NEW DELHI: India's merchandise exports rose smartly in July on a weaker rupee while imports fell, offering the policymakers a reason to cheer in an otherwise dull economic environment.
Exports in July rose to an 18-month high of 11.6% while imports fell 6.2% from a year ago, yielding a trade deficit of $12.3 billon, almost the same as the previous month. The data came out on Monday as Finance Minister P Chidambaram announced a slew of measures in the Parliament to contain the current account deficit to $70 billion, which is 3.7% of theGDP from a record high of 4.8% in the last fiscal.
After two consecutive months of contraction, exports rose to $25.8 billion in July as sectors like pharma, textile, chemicals and petrochemicals posted a strong growth. Engineering goods, however, put up a poor show again.
The 13% fall in the value of the rupee against the dollar facilitated the growth in exports, but commerce secretary SR Rao said it is a stable exchange rate that helps exports. "Volatility does not permit exporters to get full value from the depreciation," he said.
The double-digit growth in exports could also be explained by the base effect, as exports declined 14.8% in July last year. "It is too premature to call it a turnaround in exports. The low base of last year explains the high growth. The global economy has not shown turnaround as such to explain such a high growth. If this is the effect of rupee fall, then we should see a similar growth in the coming months too to call this a turnaround," said Madan Sabnavis, chief economist at CARE Ratings.
On a month-on-month basis, exports grew 8.4%. This, however, is not considered a good comparison as it does not factor in the seasonal variation.

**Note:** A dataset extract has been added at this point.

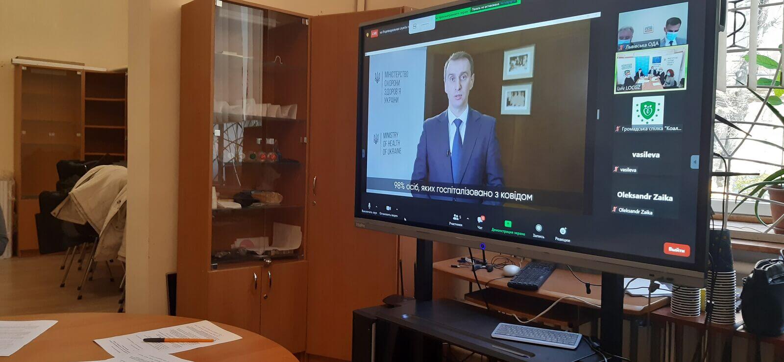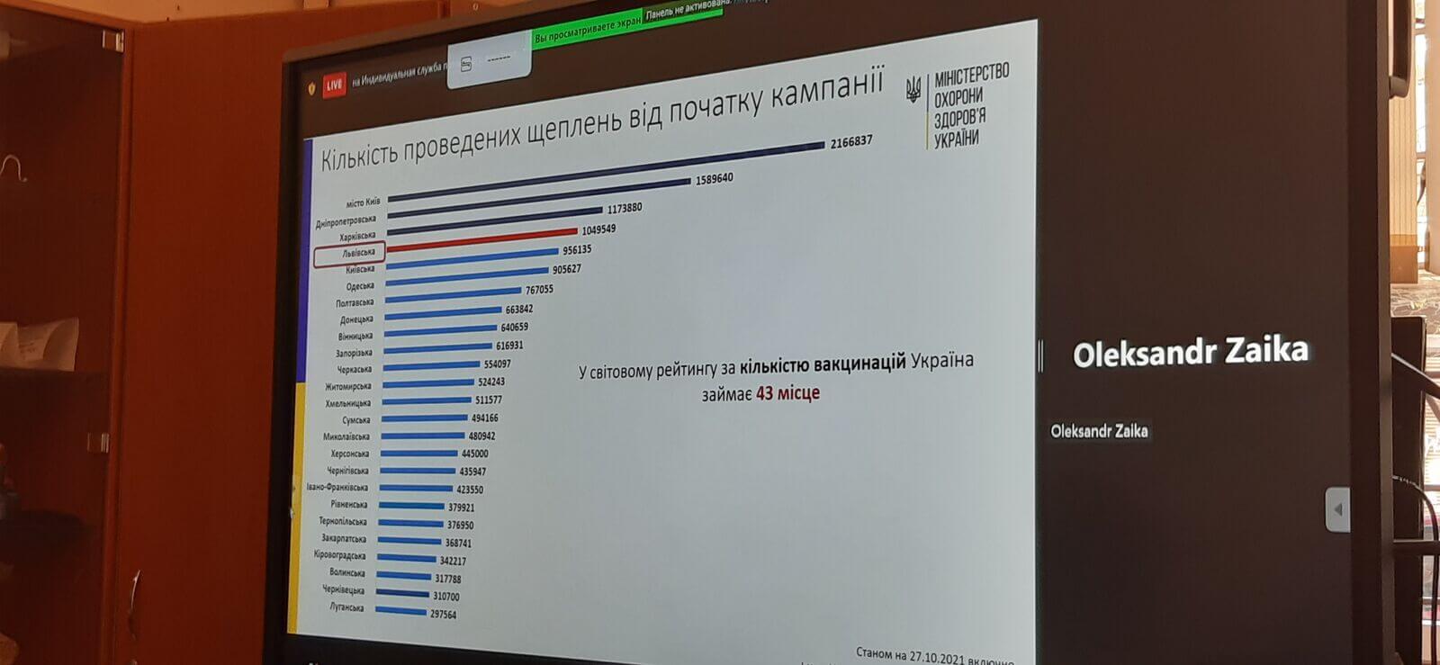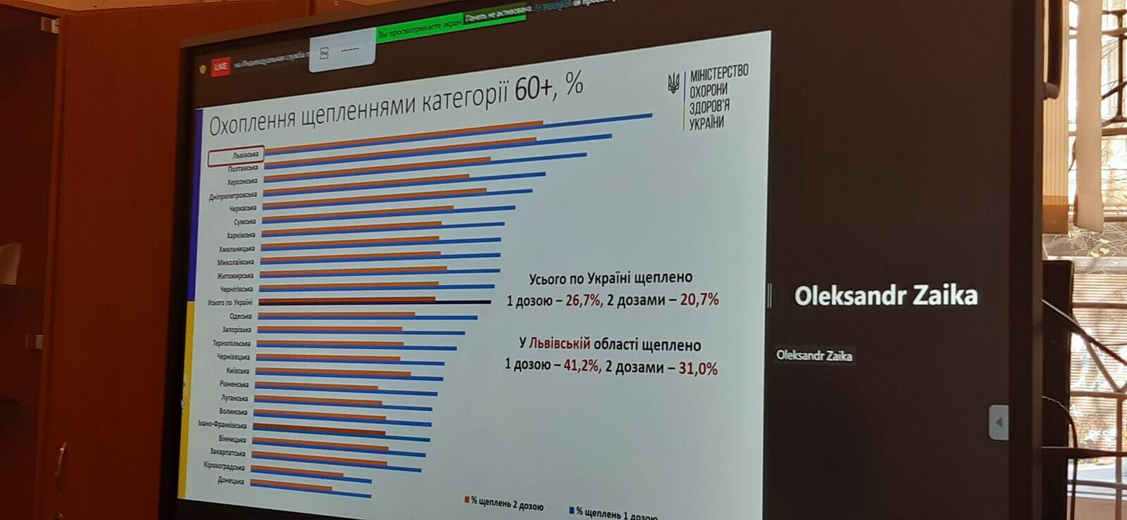 З вітальним словом виступили Міністр охорони здоров’я Віктор Ляшко та Голова Бюро ВООЗ в Україні Ярно Хабіхт (відеовиступ) Як зазначив заступник голови Львівської ОДА Іван Собко, Львівщина доклала багато зусиль для реалізації кампанії з вакцинації від ковіду.

Imports in July fell to $38.1 billion, mainly because of a sharp fall in gold and silver imports. Gold and silver imports stood at $2.97 billion, down 33% from the year ago but higher than $2.45 billion in June. The government and the Reserve Bank have taken a slew of measures recently to curtail gold imports in an effort to contain the current account deficit that widened to a record 4.8% of GDP in the year ended March.
Oil imports in July declined 8% over the year ago to $12.7 billion.
"Healthy advancement of monsoon and encouraging hydro power generation would have reduced the demand for diesel for generator sets," said Shubhada Rao, chief economist at YES Bank. "Continued upward revision to retail oil prices amid firming up of global price coupled with rupee depreciation may have capped domestic demand. Weakening industrial and consumption growth could be acting as a further dampener."
In the first four months of the fiscal, India's exports rose 2.82%.
"But our target stands at 10% growth for the fiscal," said the commerce secretary. "Demand from regions like Africa, ASEAN and Far East mainly helped exports to grow,", he added.
The government has set an export target of $325 billion for the current fiscal. India exported goods worth $300.6 billion in last fiscal. "The support given by the government has come very handy along with depreciation of the rupee in imparting competitiveness to exports," said M Rafeeque Ahmed, president of FIEO.
Sanjay Budhia, chairman of CII's national committee on exports and imports and managing director at Patton Group said the double-digit growth has brought in a lot of positivity among the exporters. "There are still challenges in terms of infrastructure, credit coast and availability, which we expect the government to address," Budhia said.